С точки зрения Максима Горюнова, суть государства — насилие. Без «третейского судьи» две стороны конфликта не договорятся, а судья имеет вес, только если у него есть оружие и тюрьмы — инструменты насилия. Но государство — не только судья-насильник, хотя такие государства тоже существуют, либо при условии тотального превращения населения в «зомби», если они бедны (Северная Корея), либо, если богаты природным ресурсом (Саудовская Аравия), сочетанием достатка со страхом казни и пыток. В обоих случаях население вынуждено заботиться о благе одной семьи, которая и есть государство, а семья эта никому ничем не обязана. Бедные государства-семьи-насильники все обходят стороной, перед богатыми раскланиваются. Для мирового сообщества неважно, достается ли богатство подданным такого государства, — важно, что на свое богатство оно может купить или создать много оружия и «купить» целые страны.

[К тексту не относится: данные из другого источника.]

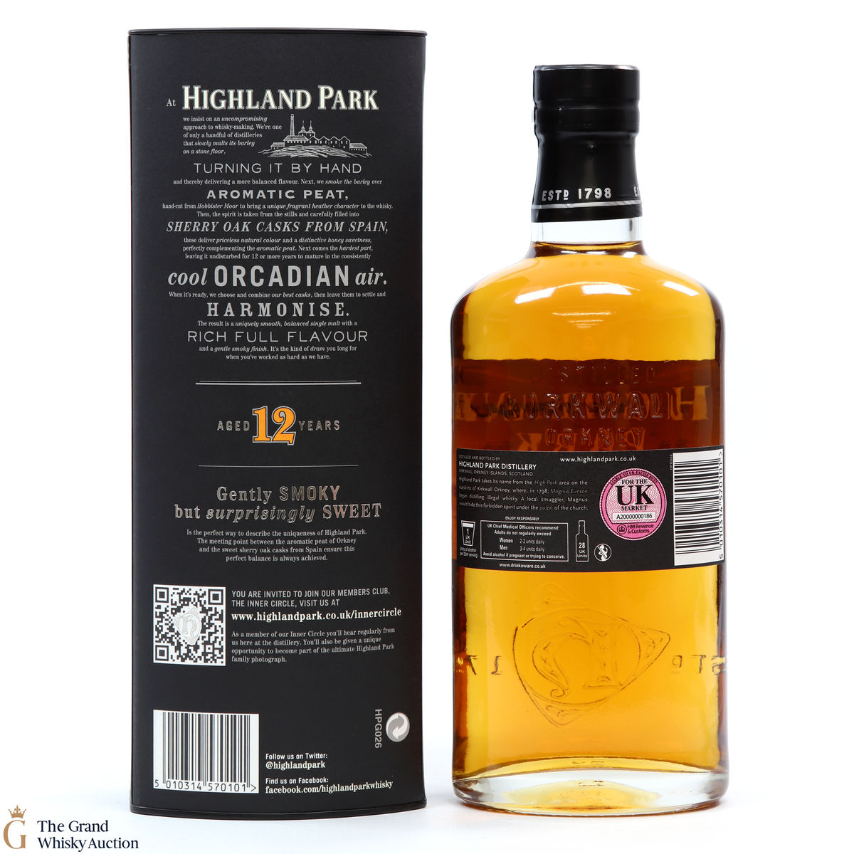 Highland Park 12 year old - one of the best malts in the world year on year. This bottling has been in its core range for over 100 years. This design of the bottle was used by Highland Park from 1999 to the early 2000s.

СССР пережил и то и другое состояния, но раньше, чем рухнули цены на нефть, государство износилось морально. Никто больше не верил в построение коммунизма и в то, что СССР — лучшая страна в мире. 73,7 года это государство продержалось за счет гипноза: убедило большинство в том, что оно — новое слово в истории, поэтому жить трудно, работать надо бесплатно или почти, чтоб построить идеальное общество. Предложение проекта будущего — важная составная часть государственного механизма. Если этот проект реален — государство процветает. Пример — Франция, которая рождала ХХ век: фотографию, кино, вакцины, скоростные поезда, и мир говорил по-французски. Моя фамилия в заграничном паспорте до первой половины 90-х писалась во французской транскрипции (это был официальный дипломатический язык), а потом в английской, когда законодателями мира стали США. И в середине 90-х французы говорили мне: что появилось в США, через десять лет будет и у нас. Франция перестала быть флагманом цивилизации, с этого начался ее моральный износ, проявившийся только в последние годы, когда вслед за ним наступил износ «технический».

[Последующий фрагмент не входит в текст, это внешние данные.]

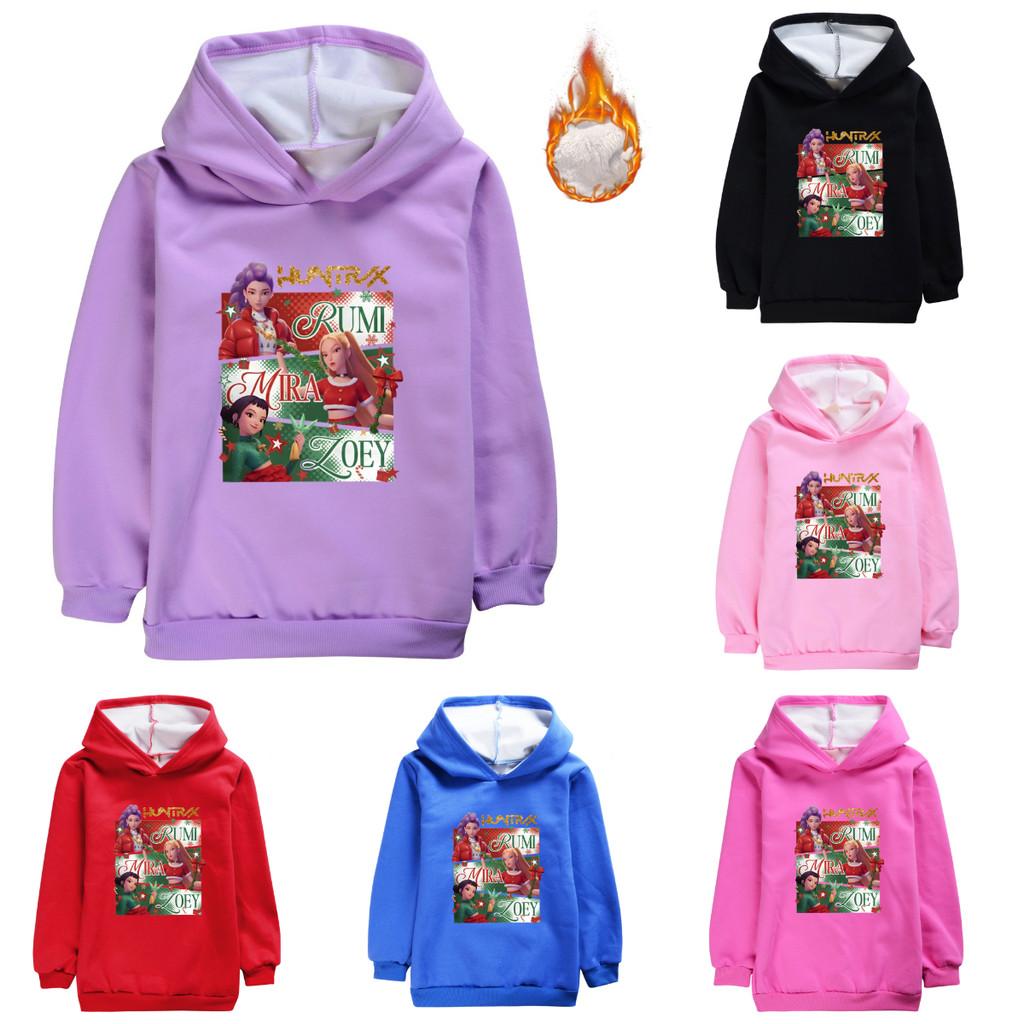 5181 Kids Girls Christmas New Year Kpop Rumi Zoey Mira Print Casual Long Sleeves Velvet Warm Winter Hoodie

Россия о таком «износе» только мечтала, ей нужно было наесться и нагуляться, — теперь и то и другое государство живут в кризисе производства смыслов. Без этого ни судейство, ни насилие, ни даже «общее благо», если оно уменьшается, а не растет, не спасают. Техническое устаревание, у каждого на своем уровне, явилось спустя время после морального. На мой взгляд, XXI век, как и предыдущий, требует переформатирования государственности.

В начале ХХ века технически это было связано с появлением машин, — соответственно, с требованием грамотности, ответственности, урбанизации, а морально — с тем, что царь/король перестал восприниматься обществом как наместник Бога на Земле, который один знает, как всем жить, и каждому указывает его место под солнцем. Чернь перестала соглашаться с тем, что она не чета белой кости. Чуть позже схлестнулись два истерических проекта: Гитлер заявил, что Германия — суверенное мононациональное государство, Сталин — что суверенное интернациональное. Это были те же цари-кайзеры, которые противопоставили себя миру как враждебному окружению, чтобы завоевать его. Сегодня централизованные государства столь же уязвимы, как империи в начале прошлого века.

Технически это горизонтализация сознания (ведущая к меритократии: в электронном пространстве все существуют на одном поле, одних ценят больше, других меньше, в пределах определенных групп) и жизни (мы оказываем друг другу услуги, никто не начальник). Государство как судья-насильник оказывается под вопросом по нескольким параметрам: одни согласны с правилами, которое оно устанавливает, другие не согласны. Никто не согласен с произволом или волюнтаристским изменением правил («нас никто не спросил»), а централизованное государство пропускает это мимо ушей, как в случае с президентом Франции, который провоцирует все более ожесточенное противостояние общества и государства. «Общее благо» перестало восприниматься как общее внутри больших централизованных государств. У разных групп — этнических, конфессиональных (в связи с глобализацией и мультикультурностью), социальных (лифты забуксовали), идеологических (лево-правый баланс обессмыслился, электронная прозрачность обнажила пласты государственной лжи) — разное благо.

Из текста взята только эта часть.